Dollar Signs: Texas Lady Lawyer vs Boots King

Starpath Books, LLC

Ebook, 978-1-944225-00-1, 257 pgs., $7.99

February 18, 2016

When Tarantella Estevez set fire to the billboard looming over his tire shop he didn’t consider all of the junked vehicles parked on the lot beneath it. And how could he know that a homeless man was sleeping in one of those cars? So when the billboard buckles and falls flaming onto the vehicles below, and the gasoline in their tanks ignites, a simple charge of vandalism becomes manslaughter and Austin lawyer Merit Bridges, the Estevez brothers’ real estate attorney for a case involving the aforementioned, now incinerated, billboard, is cast into unfamiliar criminal waters.

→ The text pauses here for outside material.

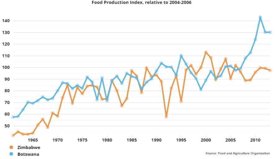 Thankfully for the Zimbabwean dictator, there are plenty of gullible Westerners willing to believe that the frighteningly vile and comically incompetent government isn't at the root of Zimbabwe's food shortages, but that global warming is to blame. Of course, this is pure nonsense. Botswana and Zimbabwe share a border and their climate and natural resources are exceptionally similar. Yet, since 2004, food production has increased by 29 percent in Botswana, while declining by 9 percent in Zimbabwe. It is not drought but government policies that make nations starve!

Boots King (“slippery as snail snot”) is an ethically challenged leasing agent employed by the owner of the billboard company to con trusting property owners into outdoor advertising contracts with some highly suspicious language buried in the small print. Boots isn’t averse to getting his hands dirty in a little wet work when called upon by his boss.

Dollar Signs: Texas Lady Lawyer vs Boots King is a legal thriller by Manning Wolfe, the winner of a Writers’ League of Texas manuscript contest, and the first in a planned series. Manning brings her legal education and years of experience practicing law in Austin to bear on this promising debut. She even manages to make the minutiae of contracts and real estate law and procedure interesting (seriously — y’all stop laughing).

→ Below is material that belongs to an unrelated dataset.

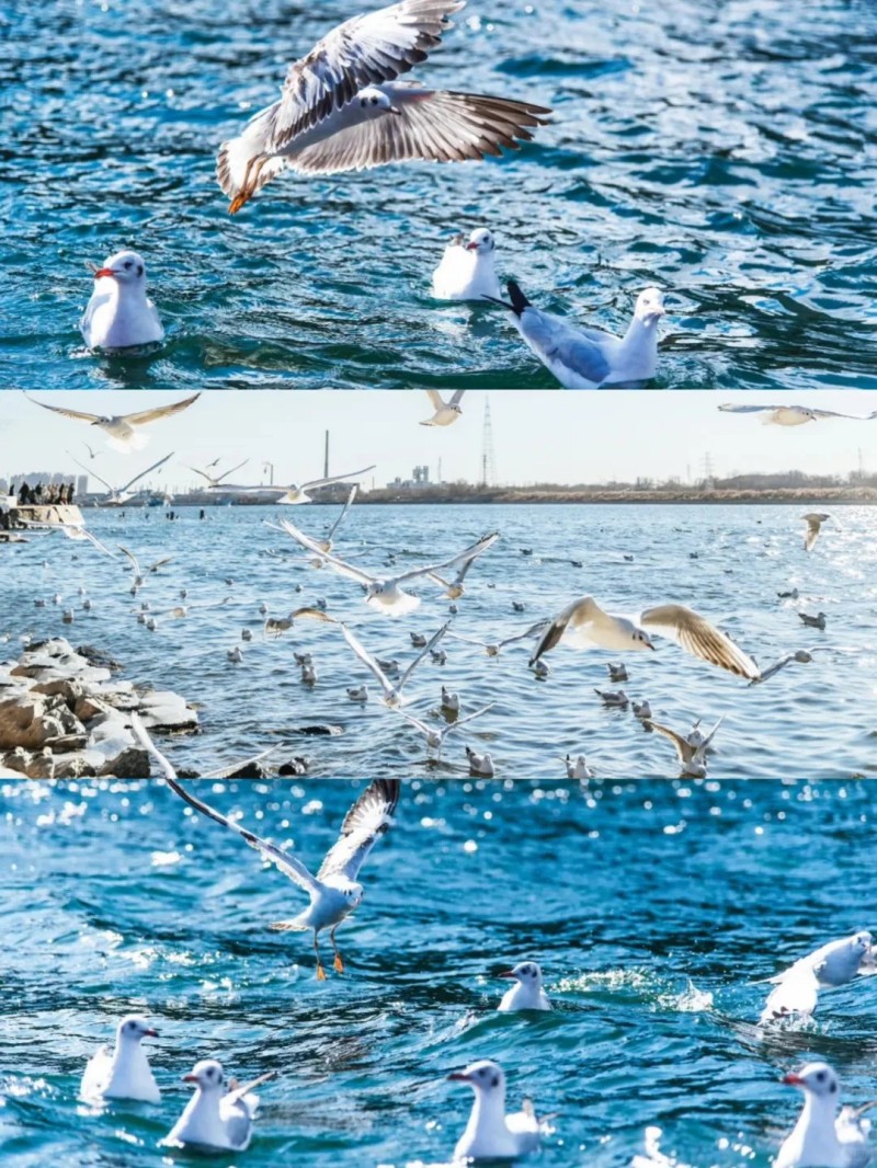 每年冬季,大批来自俄罗斯远东地区的海鸥会飞越 6000 多公里抵达天津,在天津的海边和河岸上翩翩起舞,形成了一道美丽的风景线。

Steeped in the sometimes self-conscious weirdness of Austin, Dollar Signs has a distinctly Texas feel. All of the familiar landmarks and a few new ones are here, from Fonda San Miguel to Amy’s Ice Creams. This tale is peopled with a diverse and quirky cast of characters, as befits Austin. Merit Bridges is a Texas original, and Wolf provides her with a complex and interesting backstory. The relationship between Bridges and her dyslexic teenage son provides a sweet respite from all the scheming and darkness of her current case. The only missteps in Dollar Signs involve the aforementioned self-conscious weirdness of Austin. Not everyone in the capital city is auditioning for their own reality show. Wolfe makes you care about her characters, and a lighter touch will keep them out of stereotype territory.

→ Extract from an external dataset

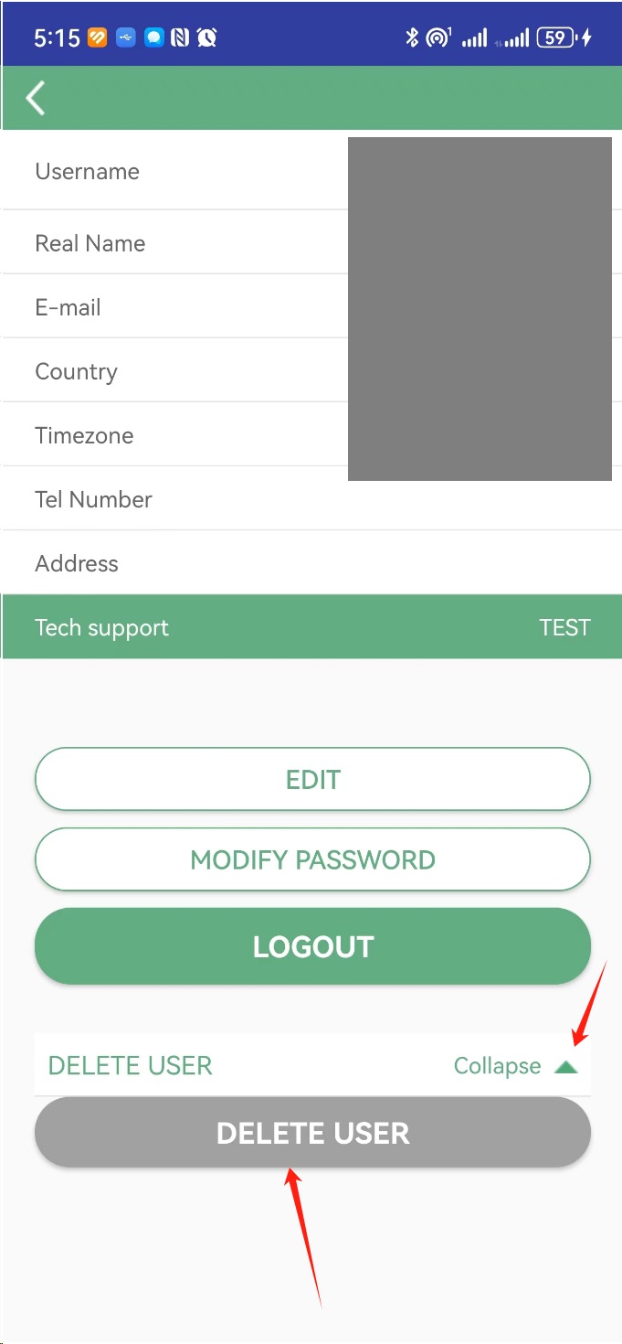 Step 2: Click "DELETE USER" button after expand.

Wolfe grabs our attention with the first sentence as the PETA billboard begins to burn and the “smiling head of Greg Lee Wood burst into flames. Each animal surrounding him caught fire and burned. Two dogs, three cats, a sheep, and two goats all went in a giant ball of fire.” She keeps our attention with an original plot, fast pace, plenty of action, and an exciting conclusion.